Two things are both true.
First, Ohio State signed another elite recruiting class today. At the time of this writing, it was actually the No. 1 recruiting class in the country, and whether it stays that way or if Georgia pulls ahead, it’s one of the very best recruiting classes in Ohio State history (on paper, anyway). Nearly every member of the 2018 recruiting class is a blue-chip prospect according to multiple recruiting services, and several, like defensive tackle Taron Vincent, safety Tyreke Johnson, and center Matthew Jones, are considered to be the best, or near the best in the country at their respective positions. This class solidifies elite talent at every position group at Ohio State, and will put them in a position to potentially compete for championships over the coming years.
Second, all of that was true for Ohio State last season, and a team full of lightly recruited two and three stars at Iowa beat them like a drum. If you’ve forgotten about this, just tweet about Ohio State recruiting today. I promise an Iowa fan will remind you.
It may seem like these two facts are incongruous with each other, incapable of existing in the same universe. But if we take some time here to be honest about what exactly today means, and doesn’t mean, I think it will all make a bit more sense.

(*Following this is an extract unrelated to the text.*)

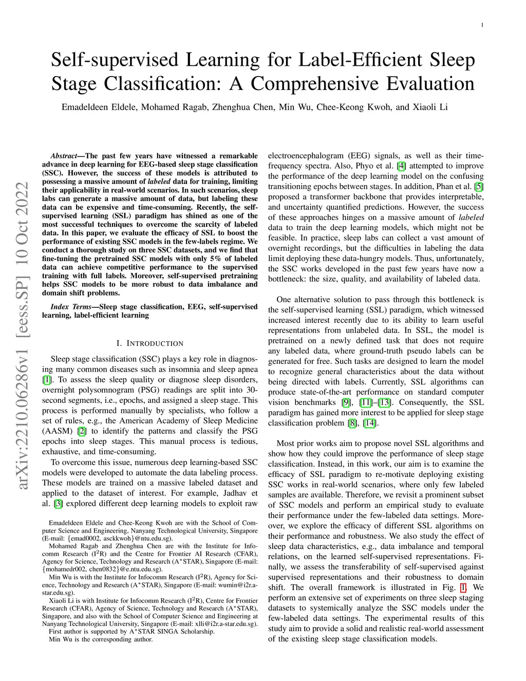 Self-supervised Learning for Label-Efficient Sleep Stage Classification:

First, let me be clear about something. Recruiting rankings matter, and anybody that tries to tell you otherwise either doesn’t understand recruiting, math, or is an Iowa or Nebraska fan. Only teams that recruit more blue-chip players than non-blue chip players win national titles. A blue-chip player is about 1,000% more likely to get drafted in the early rounds of the NFL Draft than a two-star. Five-stars are about 33 times more likely to be All-Americans in college than two-stars, and there are a LOT more two-star college football players. Teams with better recruits generally beat teams without elite recruits. The data goes on, and on, and on.

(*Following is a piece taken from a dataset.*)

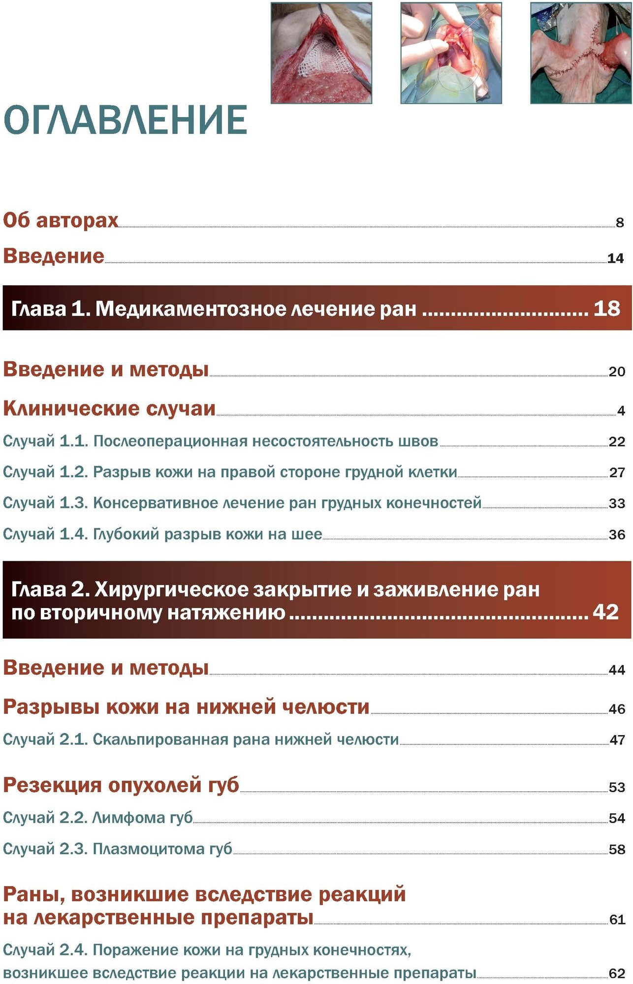 Первая глава - это обзор методов консервативного лечения ран. Вторая глава посвящена рассмотрению хирургических методов, особенно хирургической обработке ран как основополагающем этапе лечения. В третьей и четвертой главе рассматриваются самые распространенные методы пластической хирургии: закрытие дефектов кожными лоскутами (глава 3) и кожными имплантатами (глава 4).

Yes, you can probably think of a few players in the NFL right now that were lightly recruited. Yes, there will probably be some awesome college football players next year, even some in the Big Ten, that were lightly recruited. But a few anecdotes doesn’t change the cold, hard, data. College coaches kill themselves and risk breaking every dang rule in the book to bring in elite recruits because the best way to make sure you keep winning games is to have elite recruits.
Ohio State does this, and they’re constantly in contention for a national title. Iowa doesn’t do this, which is why they’ve had two seasons of consequence over the last decade. Other schools who recruit at a similar level don’t even have that.
Signing talent like Ohio State’s 2018 class, or their loaded 2017 class, is the prerequisite for national title contention. But it’s not the only requirement.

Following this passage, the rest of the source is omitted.